Ricardo Bartolome created KAFKA-6762:
Summary: log-cleaner thread terminates due to
java.lang.IllegalStateException
Key: KAFKA-6762
URL: https://issues.apache.org/jira/browse/KAFKA-6762
Project: Kafka
Issue Type: Bug
Components: core
Affects Versions: 1.0.0
Environment: os: GNU/Linux
arch: x86_64
Kernel: 4.9.77
jvm: OpenJDK 1.8.0
Reporter: Ricardo Bartolome
We are experiencing some problems with kafka log-cleaner thread on Kafka 1.0.0.
We have planned to update this cluster to 1.1.0 by next week in order to fix
KAFKA-6683, but until then we can only confirm that it happens in 1.0.0.
log-cleaner thread crashes after a while with the following error:
{code:java}
[2018-03-28 11:14:40,199] INFO Cleaner 0: Beginning cleaning of log
__consumer_offsets-31. (kafka.log.LogCleaner)
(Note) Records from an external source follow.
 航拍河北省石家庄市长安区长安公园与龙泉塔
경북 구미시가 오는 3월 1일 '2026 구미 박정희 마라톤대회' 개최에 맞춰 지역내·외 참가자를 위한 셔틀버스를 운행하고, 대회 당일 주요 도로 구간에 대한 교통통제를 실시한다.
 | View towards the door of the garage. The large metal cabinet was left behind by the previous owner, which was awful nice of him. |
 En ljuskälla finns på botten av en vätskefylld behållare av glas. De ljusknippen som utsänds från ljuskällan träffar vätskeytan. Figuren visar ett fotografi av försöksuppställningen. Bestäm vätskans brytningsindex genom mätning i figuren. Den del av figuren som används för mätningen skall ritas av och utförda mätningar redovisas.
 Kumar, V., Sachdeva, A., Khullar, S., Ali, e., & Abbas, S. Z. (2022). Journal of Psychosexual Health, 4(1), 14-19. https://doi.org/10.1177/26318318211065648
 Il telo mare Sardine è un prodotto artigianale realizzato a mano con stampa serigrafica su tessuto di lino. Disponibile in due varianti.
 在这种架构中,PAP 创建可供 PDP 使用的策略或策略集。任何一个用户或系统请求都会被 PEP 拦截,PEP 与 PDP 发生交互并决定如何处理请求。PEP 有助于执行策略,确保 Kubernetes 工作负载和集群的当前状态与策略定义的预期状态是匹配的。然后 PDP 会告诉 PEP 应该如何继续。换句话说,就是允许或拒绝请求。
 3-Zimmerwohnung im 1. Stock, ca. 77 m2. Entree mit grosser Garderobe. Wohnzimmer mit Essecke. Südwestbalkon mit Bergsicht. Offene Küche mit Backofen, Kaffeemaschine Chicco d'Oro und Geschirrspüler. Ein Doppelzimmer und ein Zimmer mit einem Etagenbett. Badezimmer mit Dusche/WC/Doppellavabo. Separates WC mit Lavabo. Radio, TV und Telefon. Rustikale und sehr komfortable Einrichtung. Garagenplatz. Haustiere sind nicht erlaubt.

[2018-03-28 11:14:40,199] INFO Cleaner 0: Building offset map for
__consumer_offsets-31... (kafka.log.LogCleaner)
[2018-03-28 11:14:40,218] INFO Cleaner 0: Building offset map for log
__consumer_offsets-31 for 16 segments in offset range [1612869, 14282934).
(kafka.log.LogCleaner)
[2018-03-28 11:14:58,566] INFO Cleaner 0: Offset map for log
__consumer_offsets-31 complete. (kafka.log.LogCleaner)
[2018-03-28 11:14:58,566] INFO Cleaner 0: Cleaning log __consumer_offsets-31
(cleaning prior to Tue Mar 27 09:25:09 GMT 2018, discarding tombstones prior to
Sat Feb 24 11:04:21 GMT 2018
)... (kafka.log.LogCleaner)
[2018-03-28 11:14:58,567] INFO Cleaner 0: Cleaning segment 0 in log
__consumer_offsets-31 (largest timestamp Fri Feb 23 11:40:54 GMT 2018) into 0,
discarding deletes. (kafka.log.LogClea
ner)
[2018-03-28 11:14:58,570] INFO Cleaner 0: Growing cleaner I/O buffers from
262144bytes to 524288 bytes. (kafka.log.LogCleaner)
[2018-03-28 11:14:58,576] INFO Cleaner 0: Growing cleaner I/O buffers from
524288bytes to 112 bytes. (kafka.log.LogCleaner)
[2018-03-28 11:14:58,593] ERROR [kafka-log-cleaner-thread-0]: Error due to
(kafka.log.LogCleaner)
java.lang.IllegalStateException: This log contains a message larger than
maximum allowable size of 112.
at kafka.log.Cleaner.growBuffers(LogCleaner.scala:622)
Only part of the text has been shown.